Records to use below:

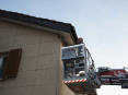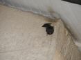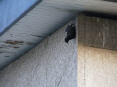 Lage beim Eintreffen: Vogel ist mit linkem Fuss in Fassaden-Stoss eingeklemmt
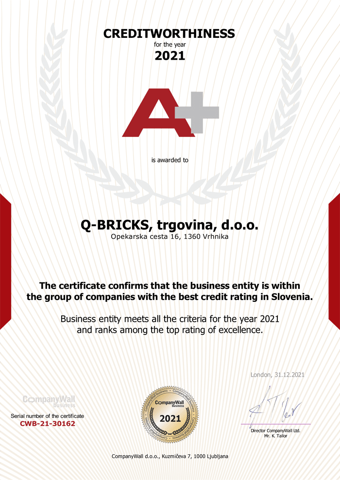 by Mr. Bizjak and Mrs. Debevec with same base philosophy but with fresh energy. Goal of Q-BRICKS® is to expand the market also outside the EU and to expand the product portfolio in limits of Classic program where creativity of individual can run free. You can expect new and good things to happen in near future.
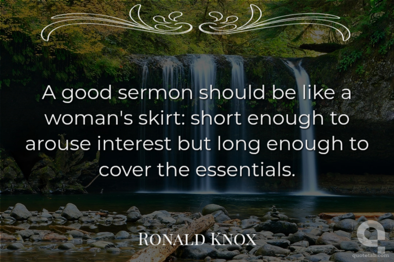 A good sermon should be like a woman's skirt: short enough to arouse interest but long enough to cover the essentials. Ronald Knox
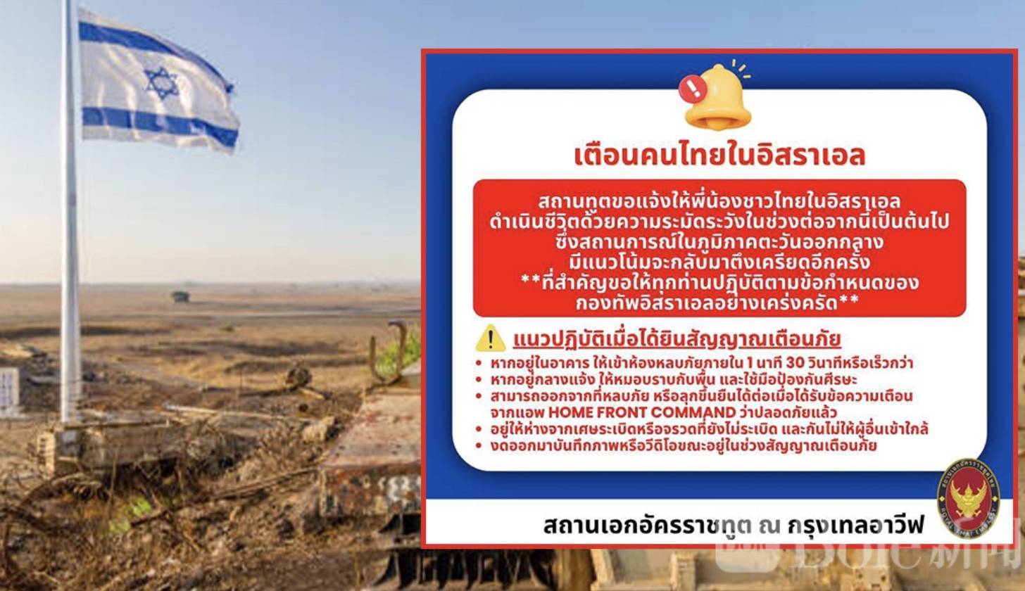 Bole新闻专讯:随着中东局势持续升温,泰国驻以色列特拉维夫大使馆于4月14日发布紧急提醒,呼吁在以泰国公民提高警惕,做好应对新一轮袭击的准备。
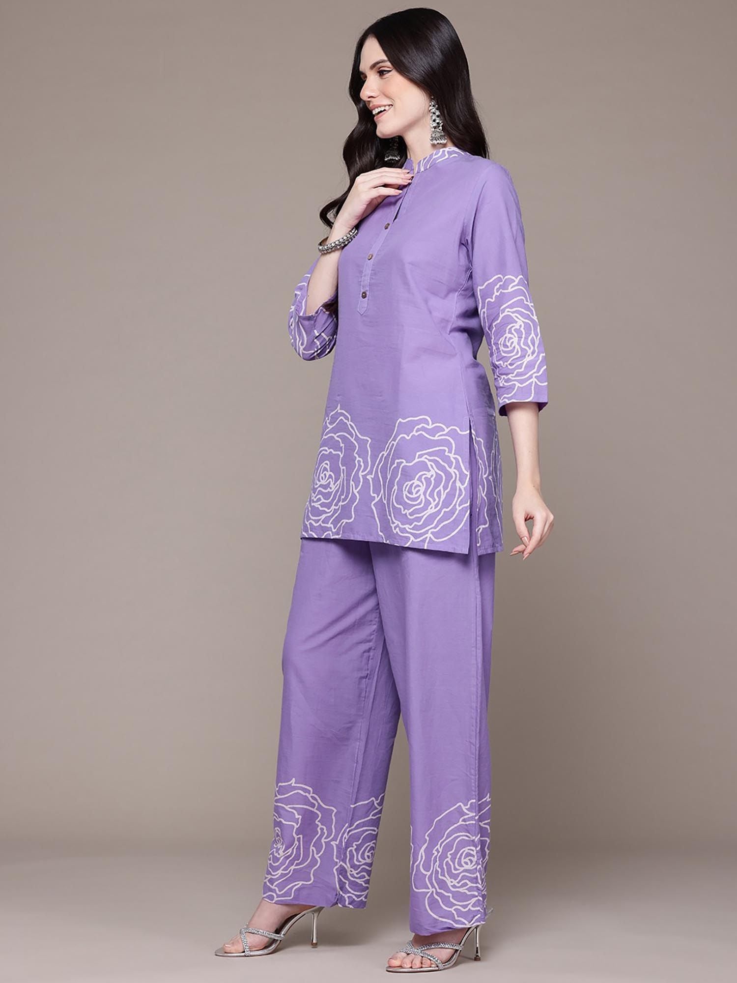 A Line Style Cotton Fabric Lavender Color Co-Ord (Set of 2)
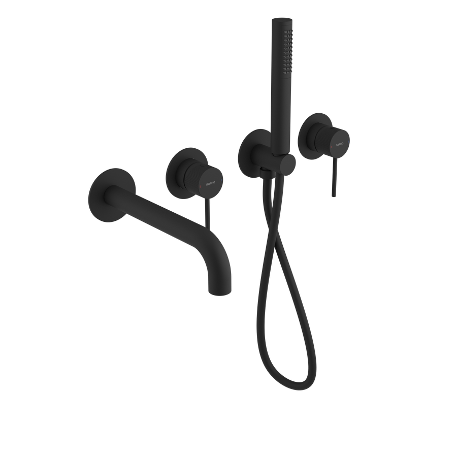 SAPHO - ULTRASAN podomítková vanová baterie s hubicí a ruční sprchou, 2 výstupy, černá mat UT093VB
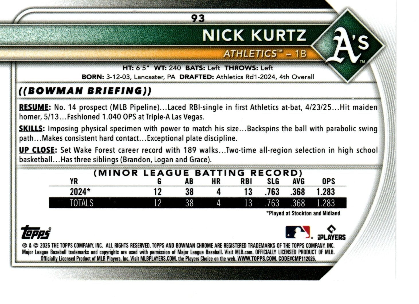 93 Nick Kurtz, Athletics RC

End of Records to use.

Directions: Without the pictures, repeat exactly the lines running from the line containing "SAPHO - ULTRASAN" through the end of the data, both ends included.

Your response:
 SAPHO - ULTRASAN podomítková vanová baterie s hubicí a ruční sprchou, 2 výstupy, černá mat UT093VB
 93 Nick Kurtz, Athletics RC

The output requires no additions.